§ **Instructions for the task**
Below are the entries. Print only the lines starting at the one with "Quelques minutes plus" and ending at the one with "- 最初はボールの直径の約80%まで膨らませます。 さらに24時間待ってから、推奨サイズに膨らませてください。", exactly, with no pictures.

§ **Dataset content**

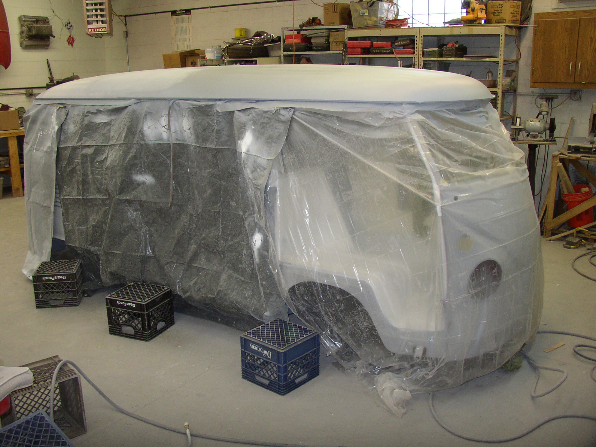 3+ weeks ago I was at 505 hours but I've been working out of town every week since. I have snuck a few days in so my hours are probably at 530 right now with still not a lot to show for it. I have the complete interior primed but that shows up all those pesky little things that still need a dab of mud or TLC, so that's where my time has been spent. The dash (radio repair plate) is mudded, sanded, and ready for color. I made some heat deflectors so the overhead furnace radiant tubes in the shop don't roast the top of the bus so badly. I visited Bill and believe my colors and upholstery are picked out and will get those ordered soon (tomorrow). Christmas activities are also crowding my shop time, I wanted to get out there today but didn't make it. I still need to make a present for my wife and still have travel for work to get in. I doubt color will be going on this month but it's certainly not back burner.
--
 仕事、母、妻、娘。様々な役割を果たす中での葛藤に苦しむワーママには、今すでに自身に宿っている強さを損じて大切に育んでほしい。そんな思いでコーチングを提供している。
--
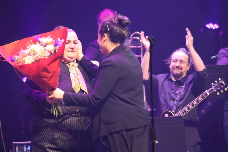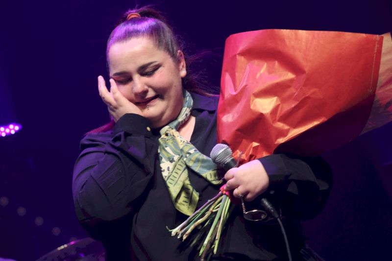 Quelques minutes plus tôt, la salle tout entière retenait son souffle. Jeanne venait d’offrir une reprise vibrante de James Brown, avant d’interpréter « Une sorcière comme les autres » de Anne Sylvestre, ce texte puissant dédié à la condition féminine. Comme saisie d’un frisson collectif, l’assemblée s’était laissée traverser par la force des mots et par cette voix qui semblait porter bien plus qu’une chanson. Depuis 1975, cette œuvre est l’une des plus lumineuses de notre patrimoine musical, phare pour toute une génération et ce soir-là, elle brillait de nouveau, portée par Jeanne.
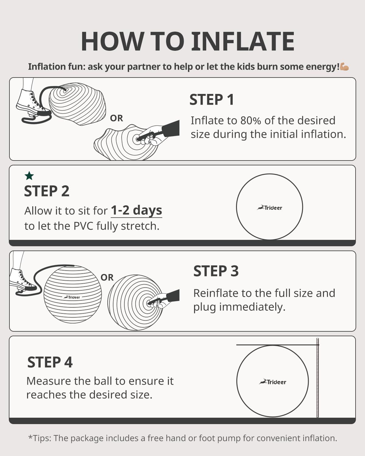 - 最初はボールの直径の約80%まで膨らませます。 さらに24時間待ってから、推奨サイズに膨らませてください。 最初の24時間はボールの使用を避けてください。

§ **Exercise response**
 Quelques minutes plus tôt, la salle tout entière retenait son souffle. Jeanne venait d’offrir une reprise vibrante de James Brown, avant d’interpréter « Une sorcière comme les autres » de Anne Sylvestre, ce texte puissant dédié à la condition féminine. Comme saisie d’un frisson collectif, l’assemblée s’était laissée traverser par la force des mots et par cette voix qui semblait porter bien plus qu’une chanson. Depuis 1975, cette œuvre est l’une des plus lumineuses de notre patrimoine musical, phare pour toute une génération et ce soir-là, elle brillait de nouveau, portée par Jeanne.
 - 最初はボールの直径の約80%まで膨らませます。 さらに24時間待ってから、推奨サイズに膨らませてください。 最初の24時間はボールの使用を避けてください。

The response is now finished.